MarcB · August 2, 2020, 8:37pm

Good evening,

I am using SVM for binary classification in the setting of more predictors (367) than samples (in the order of 200). I have normalized my predictors, all quantitative, but I do not want to use PCA to ease interpretation, and I used a high correlation filter instead (workflow attached, but cannot upload with data due to excessive weight). I want to tune hyperparameters (cost and sigma), and I have used 2 SVM configurations. In the upper one, I used the SVM Learner, and in the lower one I used the LIBSVMLearner instead. Specific questions:

In the SVMLearner, is the “Overlapping penalty” equivalent to the “Cost” parameter?
With both, I have problems configuring the flow variables (Cost and Sigma) in the Parameter Optimization Loop Start node. How can I do it properly? The flow variables do not appear in the Flow variable section of the Learner.

Z_SVM example 1.knwf (56.7 KB)

I came across a KNIME video on YouTube (https://www.youtube.com/watch?v=IlqepyIba6Y), but I can’t locate the error. I am using KNIME version 4.1.3.

Thank you,
Marc

ScottF · August 4, 2020, 6:07pm

Hi @MarcB -

As best I can tell, the Overlapping penalty is equivalent to the cost function.

As for some of your other problems, I think the failure of the LIBSVM Learner node stems from an inconsistent looping setup between the top branch and the bottom branch. Second, you need to make sure you are applying flow variables and not creating new ones in the Learner:

Also, you have to be a little careful about how you pass flow variables to the Loop end so it can decide how to optimize (based on accuracy or AUC).

I’ve attached your workflow with some changes I’ve made.

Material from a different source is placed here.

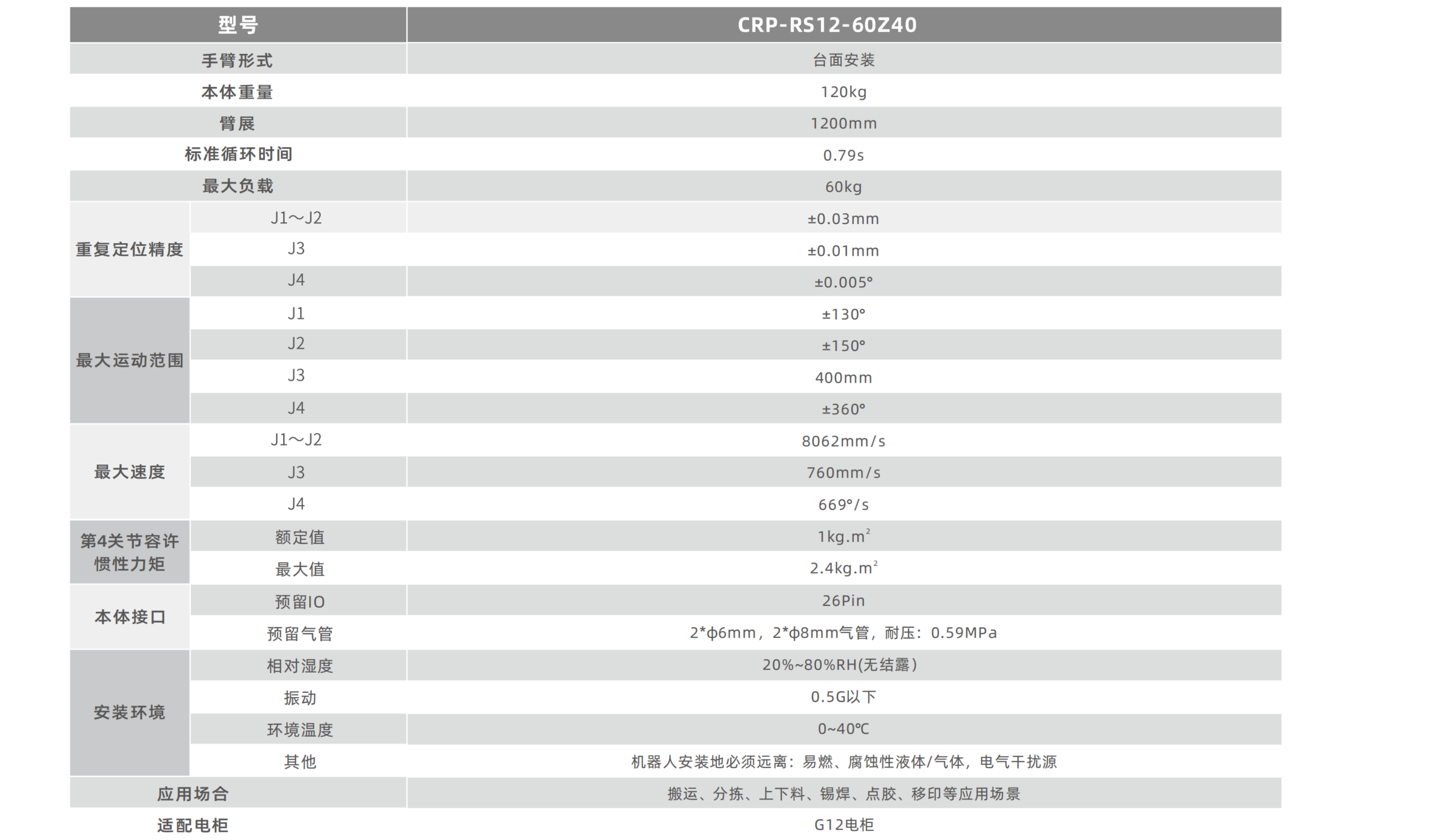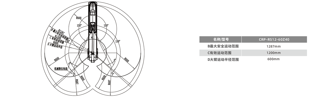 ? 機器人最大負載可達60kg,臂展可達1200mm,Z軸有效行程可滿足400mm。
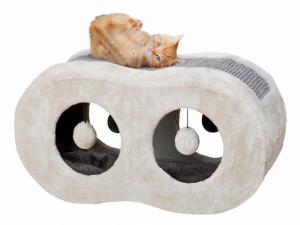Measurements: 56 × 28 × 25 cm with plush cover and sisal scratching surface cave fitted with fleece with reversible cushions: washable by hand with toys on string colour: light grey/platinum grey

Z_SVM example_SF.knwf (3.3 MB)

There is still pretty poor performance here, likely due to the same issues discussed in your other threads.

MarcB · August 9, 2020, 5:59pm

Thank you, @ScottF. The providers are reviewing the data, but in the meantime I am preparing the workflow. I will carefully review your post.

Best regards,
Marc

joshuahoran · August 9, 2020, 6:39pm

Awesome. I’ve been using KNIME for years and am now just learning what those mysterious empty text fields do – they create new downsteam flowvariables. Thanks!

ipazin · August 10, 2020, 9:01am

Hi @joshuahoran,

it is all in the docs but probably adding some headers wouldn’t do any harm
https://docs.knime.com/latest/analytics_platform_flow_control_guide/index.html

Br,
Ivan

system · February 8, 2021, 9:02pm

This topic was automatically closed 182 days after the last reply. New replies are no longer allowed.